Task prompt:
In the entries below, find the line containing "建筑外形傳統(tǒng),內" and the line containing "типа, включая факс-бумагу.". Copy those two lines and everything between them exactly, without the pictures.

The data:
···
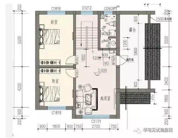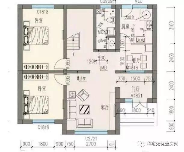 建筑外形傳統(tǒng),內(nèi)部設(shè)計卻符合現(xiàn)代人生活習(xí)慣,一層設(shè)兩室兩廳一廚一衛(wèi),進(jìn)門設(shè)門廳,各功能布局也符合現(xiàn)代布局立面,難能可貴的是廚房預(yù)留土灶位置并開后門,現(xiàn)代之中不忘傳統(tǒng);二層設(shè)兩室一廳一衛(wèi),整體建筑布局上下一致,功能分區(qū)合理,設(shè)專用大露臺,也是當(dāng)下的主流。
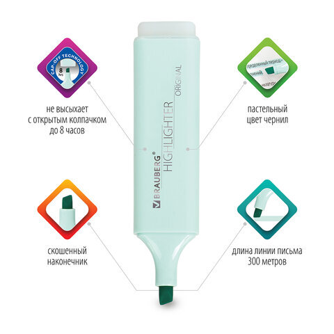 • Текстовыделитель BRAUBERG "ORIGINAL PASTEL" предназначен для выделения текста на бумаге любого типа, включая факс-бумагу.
···
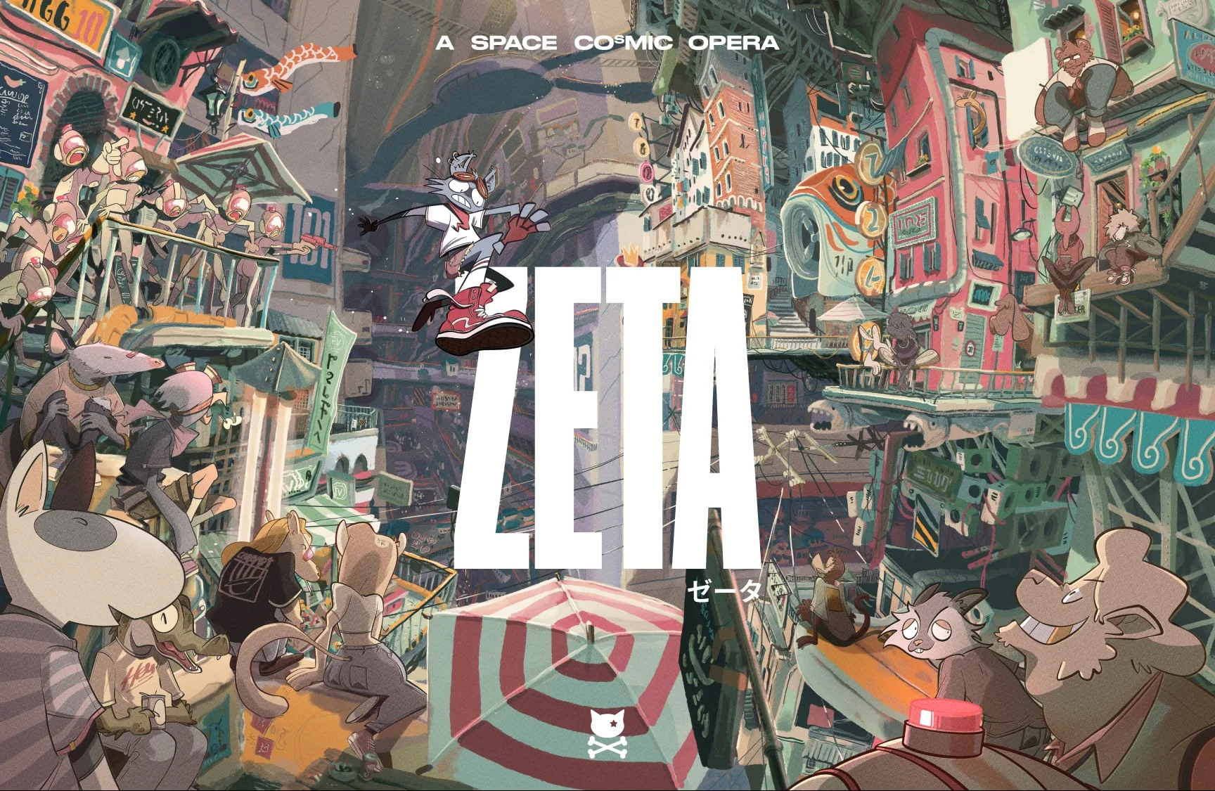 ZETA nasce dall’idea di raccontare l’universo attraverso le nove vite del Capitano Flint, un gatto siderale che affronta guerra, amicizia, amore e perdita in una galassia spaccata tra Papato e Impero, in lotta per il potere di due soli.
···
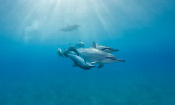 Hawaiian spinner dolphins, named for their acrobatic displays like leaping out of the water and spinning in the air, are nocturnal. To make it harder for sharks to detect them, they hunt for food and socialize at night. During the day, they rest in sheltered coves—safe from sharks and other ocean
···
Response:
 建筑外形傳統(tǒng),內(nèi)部設(shè)計卻符合現(xiàn)代人生活習(xí)慣,一層設(shè)兩室兩廳一廚一衛(wèi),進(jìn)門設(shè)門廳,各功能布局也符合現(xiàn)代布局立面,難能可貴的是廚房預(yù)留土灶位置并開后門,現(xiàn)代之中不忘傳統(tǒng);二層設(shè)兩室一廳一衛(wèi),整體建筑布局上下一致,功能分區(qū)合理,設(shè)專用大露臺,也是當(dāng)下的主流。
 • Текстовыделитель BRAUBERG "ORIGINAL PASTEL" предназначен для выделения текста на бумаге любого типа, включая факс-бумагу.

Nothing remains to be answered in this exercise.